Fecho o computador, como um ato de rebeldia, de tentativa de libertação, apago as luzes, todas aquelas que estão acesas para fingir que há mais alguém na casa. Digo boa noite, ninguém responde. Desligo a TV que me fazia companhia e vou dormir... Não sem antes olhar o celular e imaginar que alguém possa se importar e mandar um sms.    

terça-feira, 22 de maio de 2012

Diálogo Interno

Pero no pudo sentir auténtica melancolía, porque toda la melancolía se la había llevado el Otro Yo. - Mario Benedetti 



Para o 9o ano do Colégio São Domingos
- Acorda, acorda...

- Outra vez você

- Ainda não resolvemos as nossas diferenças...

- E nunca vamos resolvê-las

- Como assim nunca, devemos sempre buscar nosso equilíbrio, agradar a todos, ser querida por todos.

- Ridículo... Ninguém consegue isso.

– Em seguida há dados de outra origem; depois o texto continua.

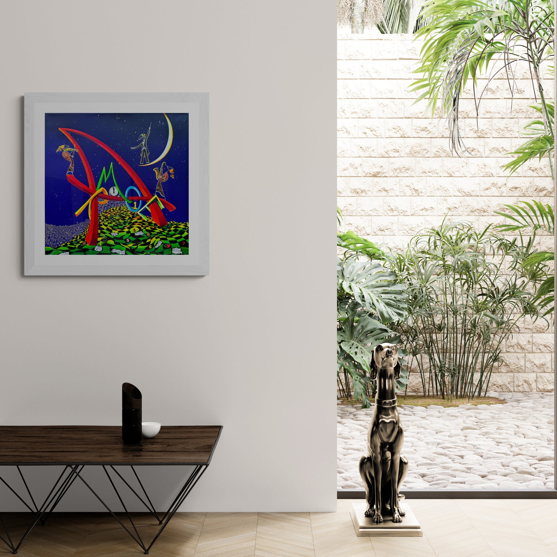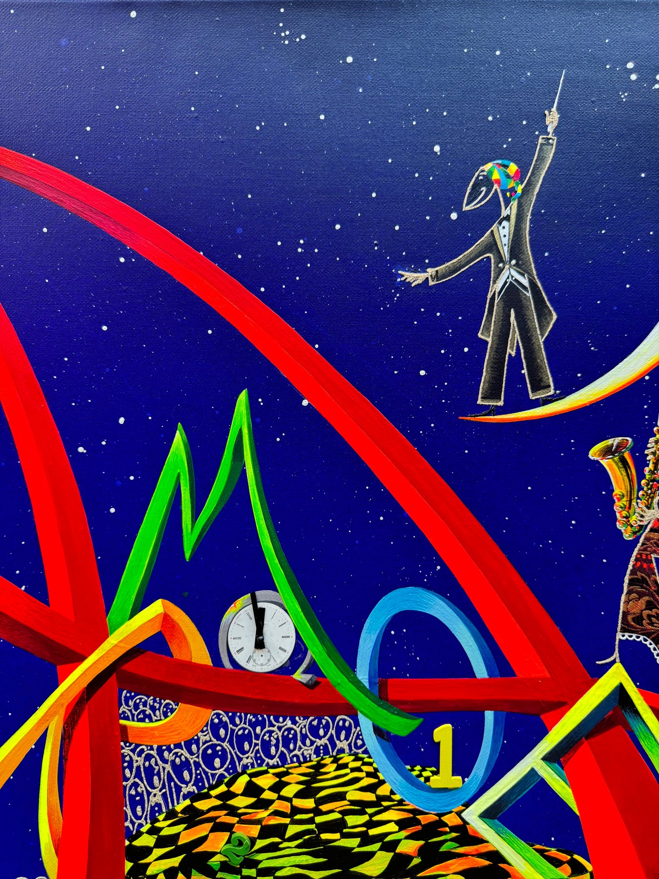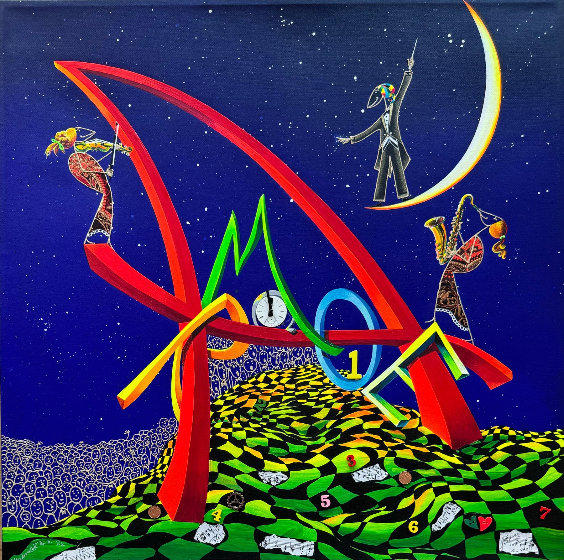 Opera unica su tela del Maestro Meloniski dai colori vivaci e brillanti, dagli scenari surreali e onirici che contraddistinguono la pittura dell'Artista.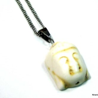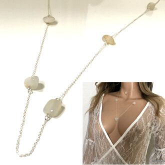 Collier femme long – sautoir acier inoxydable et nacre composé de palets de nacre blanche montés sur une chainette mailles ovales en acier inoxydable.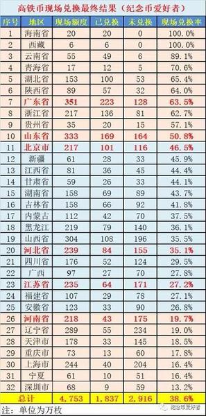 近日,央行在官网上公布了高铁纪念币现场兑换的最终数据,至此高铁纪念币的发行正式落幕。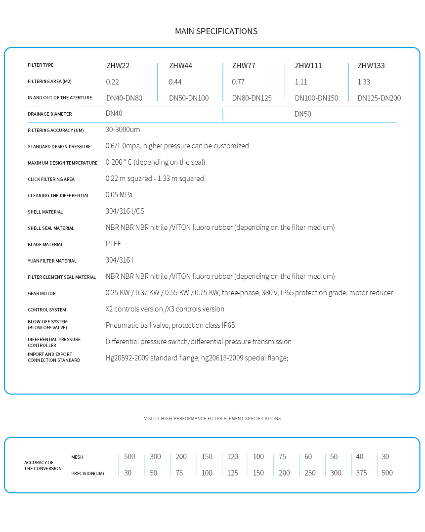 ZHW series scraper self-cleaning strainer (ZHW filter) is an efficient self-cleaning filter developed by nine companies, which reaches the world leading level. The particle impurities on the surface of the filter are removed by the motor driven scraper, which is used to remove all kinds of high viscosity liquids and continuously clean online, without the need of manual cleaning of the filter element, and no filter consumables are produced. Control the time/pressure control by PLC, automatically eliminate the high concentration of impurities in the contaminated cavity, and eliminate the recovery and discharge of residual liquid.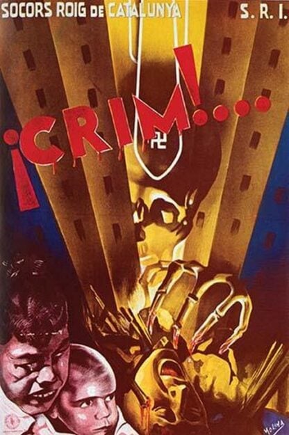 Crim!. Nazi Bombs fall on Catalonia with a skull of death a skeletal hands as children cry under the onslaught1939/Spain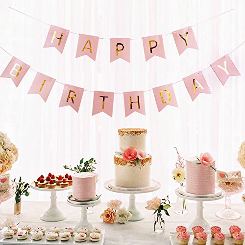 Specification: SUNBEAUTY Happy Birthday-slinger, verjaardagsdecoratie met gouden folieletters, Happy Birthday-banner voor…
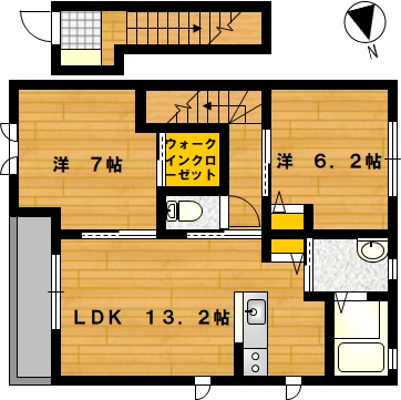 部屋の広さ 洋6.2帖・洋7帖・LDK13.2帖 対象階数 2階建 2階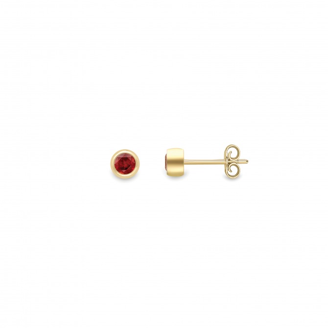 9ct yellow gold stud earrings set with garnet. Perfect for a January birthday.

Sério mesmo que você tem isso como objetivo de vida?

- E por que não? A harmonia, a relação fraterna com o outro, a...

- A vida morna, a fuga dos conflitos, a necessidade de sentir-se aprovada pelos outros, de atender às expectativas alheias.

- Como você é exagerada! Não é isso, é apenas pensar no outro, cuidar dos sentimentos e não deixar que ninguém a sua volta se magoe, se machuque...

- Mas, e eu? E o que eu sinto? E quem vai cuidar dos meus sentimentos, das minhas emoções?

- Mas quando se tem uma vida morna as emoções individuais também passam a ser mínimas. Quase não terá tempo para elas, cuidar do mundo demanda tempo...

- Não leve a mal, não é que eu não pense no outro, ou não queira cuidar do mundo, mas será que eu posso escolher simplesmente senti-lo? Fazer parte dele? Intensamente?

- Mas aí surge o risco de se machucar, e se machucando você perde a força, e surge o risco de se descontrolar, de não conseguir lidar com as incertezas do mundo...

- E sofrerei

- Sofrerá

- E chorarei

- Chorará

- E doerá

- Absurdamente

- E não terei tido uma vida morna, não terei passado, terei experimentado as dores e as delícias do mundo...

- Mas a que preço...

- É... o preço... a angústia... a incerteza...

- A solidão

- A possível solidão... Mas essa pode acontecer estando ou não acompanhada.

- ...

- Ande, volte para a cama, deite-se, volte a dormir que por enquanto sou eu quem se mostra, você já esteve em evidência tempo demais...

- É, até você cansar de se machucar

- Não, meu bem, até eu cansar de viver!